Уж павшие звали к победе. Не мучило никого сомнение, легок был бой. Задышал его горн. Застучало танковое огниво. Ударили молотки пуль по стальным наковальням. Небо скрылось под дымным саваном. Угасли зеленые костры деревьев, зажглась высокая лампада — танковый факел. Явилась победа.
…Настал час размышлений. «Корнет, подарок Вальцева, что он такое? думал я. — Не пора ли испытать его силу?» «Вызывайте нас на заре, когда засветятся облака…» — это были слова Вальцева, и я старался проникнуть в их смысл. Не беспредельна цена человеческой жизни. Мы не смогли бы, пожалуй, удержать подступы к сиреневому шоссе, слишком мало нас осталось. Жаль, но я ничего не мог поделать: наши жизни, вместе взятые, стоили уже меньше, чем прорыв противника в тыл частей, перекрывших узкую ленту асфальта. А дороги — горло войны.
Вот почему ночью я не расставался мыслью с корнетом; моя щека грела его металл. Могла помешать стрельба, и я решил повторить мелодию несколько раз, чтобы они услышали. Но не представлял я, как это случится — при расстоянии за сорок километров. «На заре, когда засветятся облака…» повторял я. И странная мысль овладевала мной. Захотелось представить, как выглядит шоссе сверху, увидеть дорогую для нас сиреневую полоску, бегущую через поля, где подрагивал донник, а травы ложились под ноги до самых горизонтов, через леса и синие волны холмов, окаймленные стрелами сосен и елей, а южнее — светлыми кострами кленов. Еще южнее и западнее вспыхивали, извивались и росли цветы огня, блеклые цветы дыма. Но можно ли и в самом деле увидеть шоссе? Да, нужно повернуть лучи к земле. Ведь воздух — это увеличительное стекло, призма, заставляющая иногда свет сначала подняться, а потом опуститься где-то привидением, миражем. А звук?..
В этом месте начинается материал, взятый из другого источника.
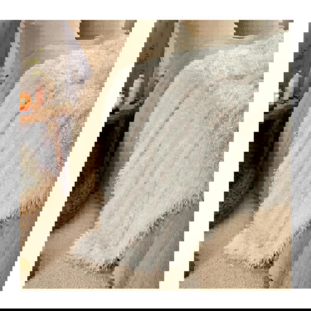 Finished in an ecru colourway, this throw features a plain design for easy styling with a wide range of interiors. The faux Mongolian fur front is paired with a velvet reverse, offering a smooth contrast and a comfortable feel whether you’re relaxing at home or adding an extra layer on cooler evenings.
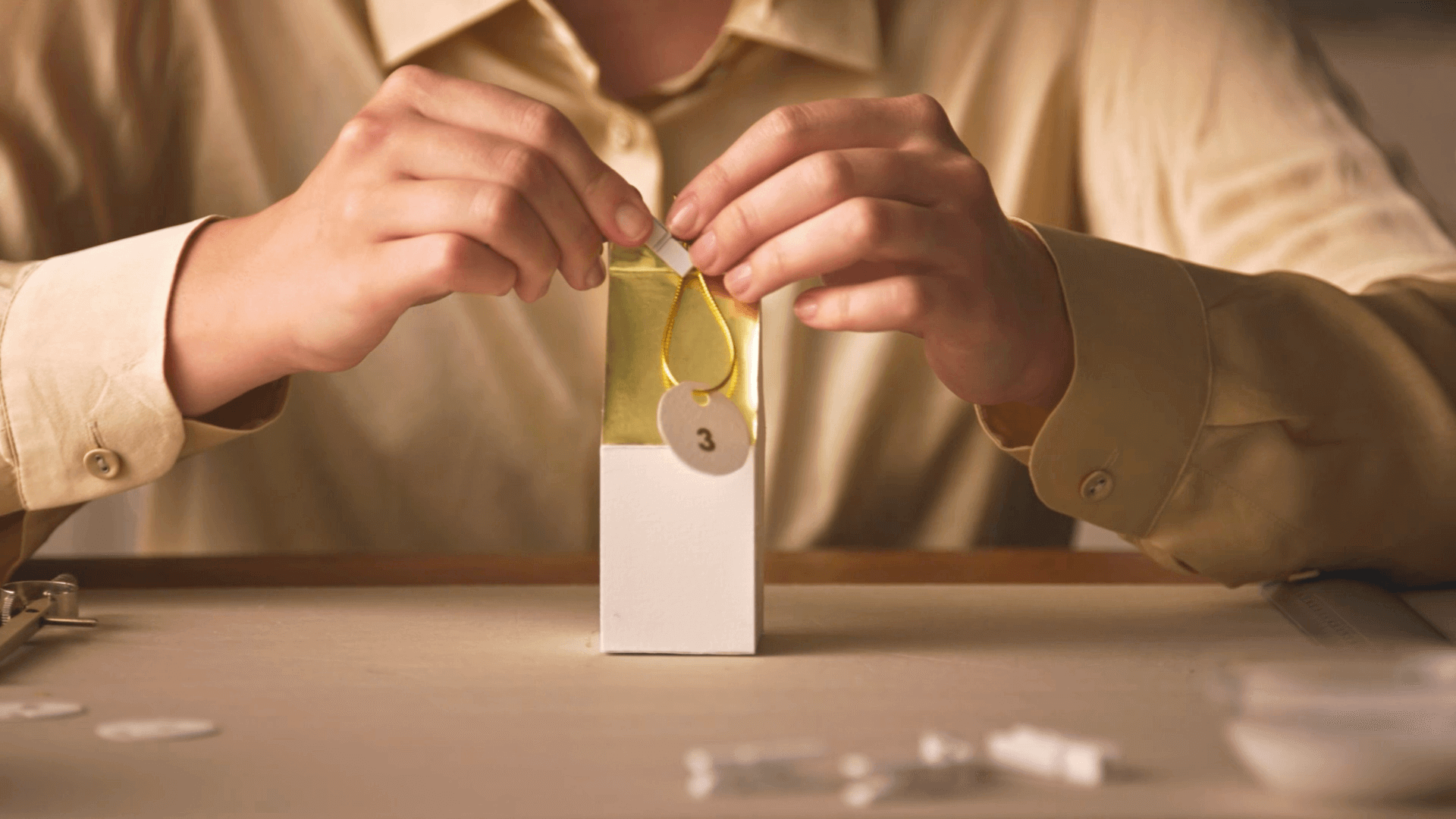 Ritaglia la carta adesiva dorata seguendo la forma rettangolare del tetto della casetta e applicala per aggiungere un tocco dorato.

Высветилась пряжа облаков. «Пора, — подумал я, — пора!» В моих руках заговорил серебряным голосом кавалерийский корнет. В заоблачный край, в синие синевы ушел зыбкий трепет — запевками, заклинаниями, не понятыми мной заклятиями. Я поднимал и опускал корнет, мелодия кончилась — я замер. Отозвалось эхо. «Вот оно что, — подумал я, — звуки идут разными путями отражаются от деревьев, земли и возносятся к облакам; в верхнем, нагретом солнцем слое воздуха они поворачивают, опускаются, далеко-далеко падают вниз, собираясь воедино. Так линза собирает тепло — и плавится металл. Из камней, кирпича возводится руками каменщиков дом, песчинки растят гору, из отдельных звуков возникает громкий всплеск. Длиннее мелодия, больше звуков-песчинок — выше гора. Само солнце, нагревая воздух, складывает из кусочков мелодии сигнал тревоги».
Но для этого нужно точно рассчитать рисунок звуковых волн, их узор, познать движение ветров, взлет зари и отлить их в сплав звучаний. Иначе волны не усилят друг друга, не сложатся, а, наоборот, погасят сами себя. Теперь я не только верил, но, кажется, начинал понимать… Да, соединить волны нелегко. Даже на море не поднимаются они выше девятого вала. Но волны воздуха почти свободны от гравитации — они легки, даже невесомы. Мелодия же, ключ к разгадке, может быть, лишь слышимость утренней ясности, звукопись солнечных бликов, отклик чувства на них.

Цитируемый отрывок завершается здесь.